DATA BELOW —
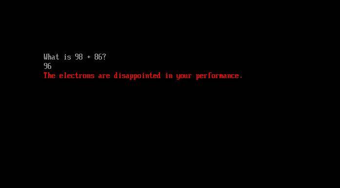 这其中的第一款游戏是“无能评估测试”,要求玩家计算两个 0-99 随机数相加的结果,如果输了电脑就会无情地嘲讽你,然后关机。第二款游戏则是“侮辱剑斗”,玩家必须在游戏中选择正确的回怼台词才能成功启动电脑。
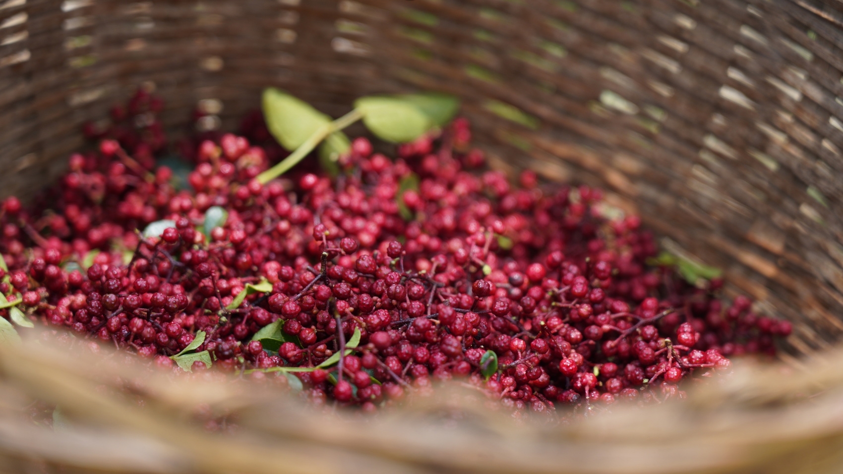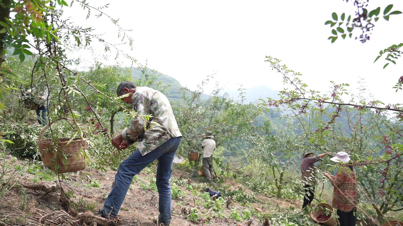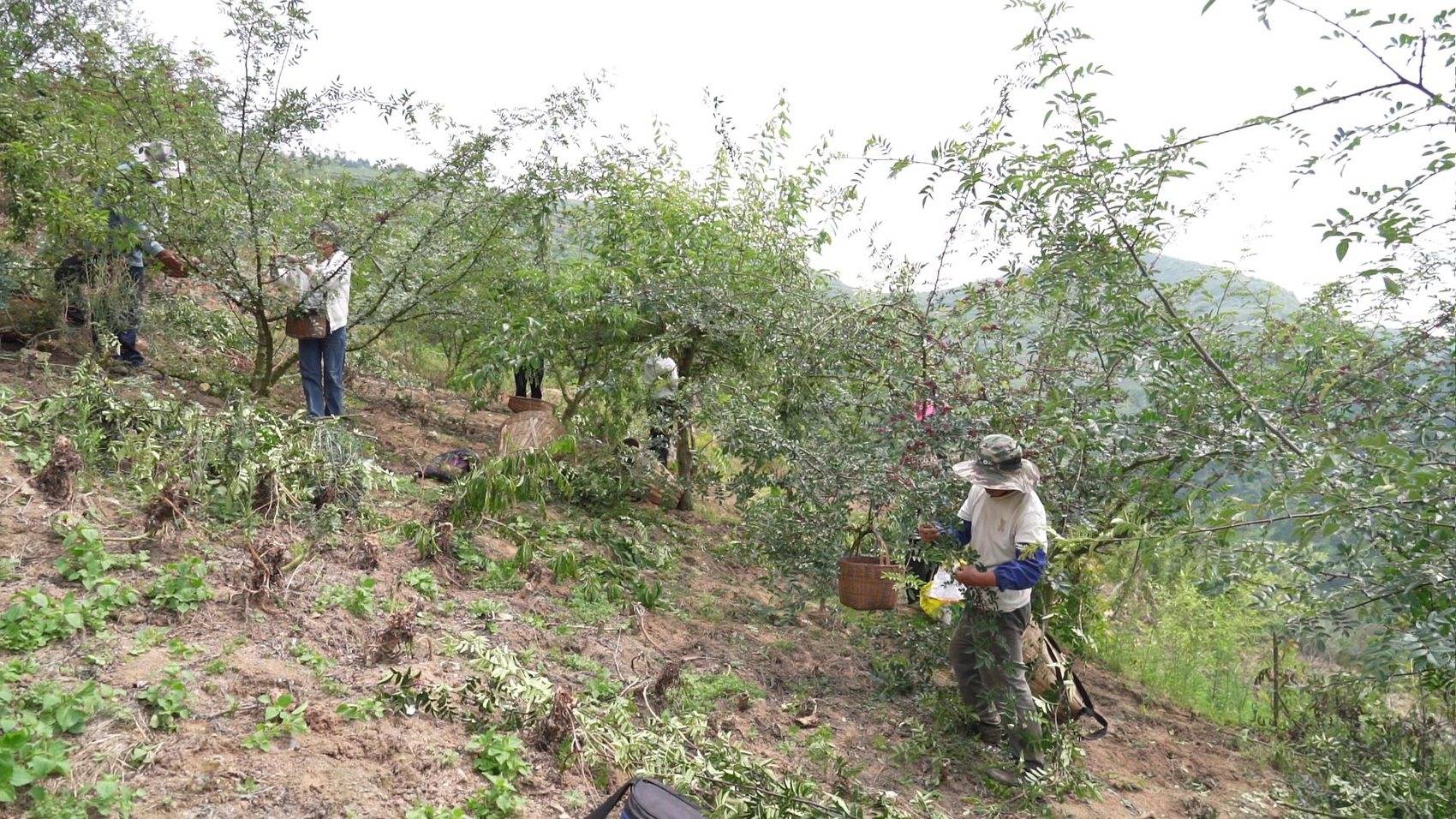 每天天刚亮,二十多个工人就扛着竹篮来地里了,有附近村的,也有邻镇来的。大家分散在林间,指尖在枝条间翻飞,成熟的花椒被麻利地摘进篮里,不一会儿就堆起个“小山尖”。
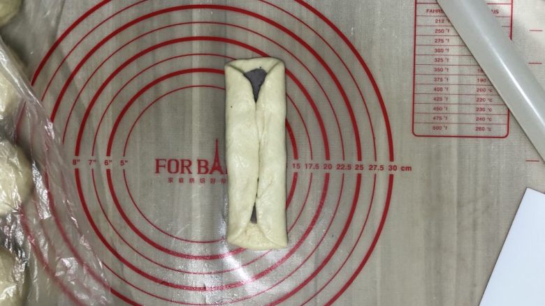 9. 从上向下卷,收口处捏紧收口处朝下 以免发酵时收口处爆开

WHAT YOU WILL DO — Restate the data word for word while omitting each picture.

ANSWER BELOW —
 这其中的第一款游戏是“无能评估测试”,要求玩家计算两个 0-99 随机数相加的结果,如果输了电脑就会无情地嘲讽你,然后关机。第二款游戏则是“侮辱剑斗”,玩家必须在游戏中选择正确的回怼台词才能成功启动电脑。
 每天天刚亮,二十多个工人就扛着竹篮来地里了,有附近村的,也有邻镇来的。大家分散在林间,指尖在枝条间翻飞,成熟的花椒被麻利地摘进篮里,不一会儿就堆起个“小山尖”。
 9. 从上向下卷,收口处捏紧收口处朝下 以免发酵时收口处爆开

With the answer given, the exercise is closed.